* _What you are asked to do_:
Set the whole listing down again, word for word, with no pictures.

### Source data ###

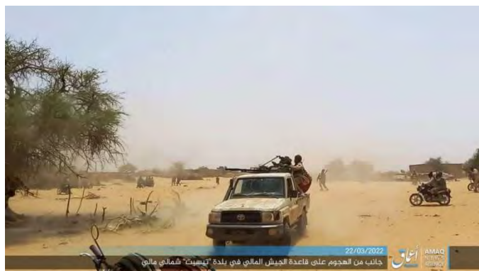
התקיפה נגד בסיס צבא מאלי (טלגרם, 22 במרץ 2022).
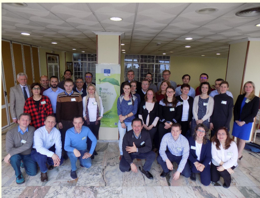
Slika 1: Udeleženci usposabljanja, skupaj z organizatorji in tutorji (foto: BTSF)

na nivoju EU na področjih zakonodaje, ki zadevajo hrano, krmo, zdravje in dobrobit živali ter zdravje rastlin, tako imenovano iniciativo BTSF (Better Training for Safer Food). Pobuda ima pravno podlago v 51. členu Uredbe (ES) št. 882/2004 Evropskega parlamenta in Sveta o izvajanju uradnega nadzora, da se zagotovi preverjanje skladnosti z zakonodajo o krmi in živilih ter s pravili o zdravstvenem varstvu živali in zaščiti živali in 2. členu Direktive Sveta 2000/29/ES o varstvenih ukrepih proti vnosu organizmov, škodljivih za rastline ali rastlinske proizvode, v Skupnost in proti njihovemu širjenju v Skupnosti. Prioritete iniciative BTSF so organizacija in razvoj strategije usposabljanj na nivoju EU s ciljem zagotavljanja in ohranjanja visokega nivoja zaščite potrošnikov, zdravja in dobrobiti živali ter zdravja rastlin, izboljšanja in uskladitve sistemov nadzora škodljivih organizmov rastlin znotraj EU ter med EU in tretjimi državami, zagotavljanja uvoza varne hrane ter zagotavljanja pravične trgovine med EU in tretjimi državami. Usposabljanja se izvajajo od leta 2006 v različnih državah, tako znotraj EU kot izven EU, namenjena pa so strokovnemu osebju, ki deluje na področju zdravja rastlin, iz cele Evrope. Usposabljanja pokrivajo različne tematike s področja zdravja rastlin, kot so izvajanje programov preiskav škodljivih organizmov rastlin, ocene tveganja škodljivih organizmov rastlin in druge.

###

* _The completed task_:
התקיפה נגד בסיס צבא מאלי (טלגרם, 22 במרץ 2022).
Slika 1: Udeleženci usposabljanja, skupaj z organizatorji in tutorji (foto: BTSF)

na nivoju EU na področjih zakonodaje, ki zadevajo hrano, krmo, zdravje in dobrobit živali ter zdravje rastlin, tako imenovano iniciativo BTSF (Better Training for Safer Food). Pobuda ima pravno podlago v 51. členu Uredbe (ES) št. 882/2004 Evropskega parlamenta in Sveta o izvajanju uradnega nadzora, da se zagotovi preverjanje skladnosti z zakonodajo o krmi in živilih ter s pravili o zdravstvenem varstvu živali in zaščiti živali in 2. členu Direktive Sveta 2000/29/ES o varstvenih ukrepih proti vnosu organizmov, škodljivih za rastline ali rastlinske proizvode, v Skupnost in proti njihovemu širjenju v Skupnosti. Prioritete iniciative BTSF so organizacija in razvoj strategije usposabljanj na nivoju EU s ciljem zagotavljanja in ohranjanja visokega nivoja zaščite potrošnikov, zdravja in dobrobiti živali ter zdravja rastlin, izboljšanja in uskladitve sistemov nadzora škodljivih organizmov rastlin znotraj EU ter med EU in tretjimi državami, zagotavljanja uvoza varne hrane ter zagotavljanja pravične trgovine med EU in tretjimi državami. Usposabljanja se izvajajo od leta 2006 v različnih državah, tako znotraj EU kot izven EU, namenjena pa so strokovnemu osebju, ki deluje na področju zdravja rastlin, iz cele Evrope. Usposabljanja pokrivajo različne tematike s področja zdravja rastlin, kot so izvajanje programov preiskav škodljivih organizmov rastlin, ocene tveganja škodljivih organizmov rastlin in druge.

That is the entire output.